Homesick Group exhibition curated by Peter Gorschlüter at "Touched" The 10th Liverpool Biennial

Many artists have transformed  temporarily museum’s rooms or commercial galley’s spaces into their “homes”. In these spaces they’ve lived for days, weeks and sometimes even months. The idea of seeing, assuming, accepting or transforming the “white cube” into a living space has many social, political and of course cultural implications. Most of these artist’s performances have shown the way the artist eat, sleep, read, write, socialize, etc. They have introduced in this way the everyday life of ‘the artist’ as somethings whether extraordinary significant, meaningful and inspiring or just plain boring.

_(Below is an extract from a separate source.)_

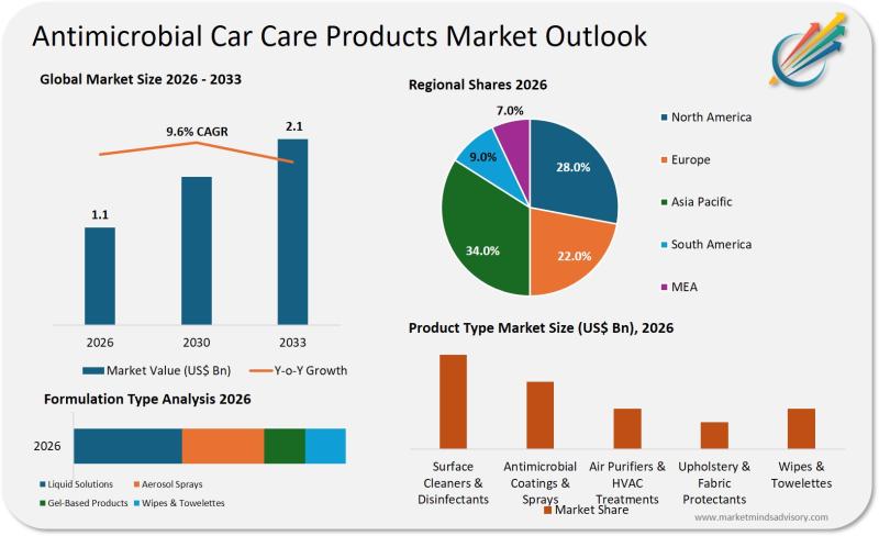 Tržište antimikrobnih proizvoda za njegu automobila će dosegnuti 2,13 milijarde USD do 2033., uz CAGR od 9,6%

The visitor in most of the cases has been transformed into a witness but also often into a voyeur.

A recent visit to the DEUTSCHES HYGIENE-MUSEUM in Dresden recalled an “sleeping idea” I had many years ago while watching a picture of the “The Tomb-Death of the Hippie” (Paul Thek 1967). The “sleeping idea” it was very simple and it seems that while sleeping all these years it was growing in silence until it woke up while I was standing in front of a 1:1 sculptural arrangement made in the 20′s that illustrates a native amazonian family dressing all their typical costumes, standing in a little piece of land that had also some representative vegetation of the area that this family used to inhabited.

A house beside all we know about it is anything but a strange embodiment of our deepest and most ancient fears. Houses are permanent monuments to fear. Houses not only proof our physical fragility but also our need to have bigger, stronger and longer lasting bodies, bodies that we can whether rent or buy, that can be in blue or in white. But we know a house is not home. Home is an abstract and highly relative concept but home appears to me as the container of all the happiness that exist in our universe.

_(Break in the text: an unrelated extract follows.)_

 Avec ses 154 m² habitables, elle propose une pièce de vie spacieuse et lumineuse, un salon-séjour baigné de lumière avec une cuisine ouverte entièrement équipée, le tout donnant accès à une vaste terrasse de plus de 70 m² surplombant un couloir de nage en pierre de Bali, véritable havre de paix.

“The Tomb-Death of the Hippie” for some reasons made me write this sentence in my memory: “home is everywhere”. But at that time I have immediately contradicted this idea, opening the following question: -If home is everywhere then can I travel and live in many different places without ever looking back?, is that possible? The answer came to me years later looking at this “family” (sculptural arrangement at the DEUTSCHES HYGIENE-MUSEUM): -I was already homesick before leaving the place I have born.

Everything has a patina for instance the air, the light, a friend and of course home. This patina that comes together with every single particle and with every single moment it is impossible to remove, this patina always existed and always controlled our memories and played beautifully with our emotions. Home can be certainly everywhere we want it but for some reasons to touch again the first chair we have ever touched make us breath in a beautiful rhythm.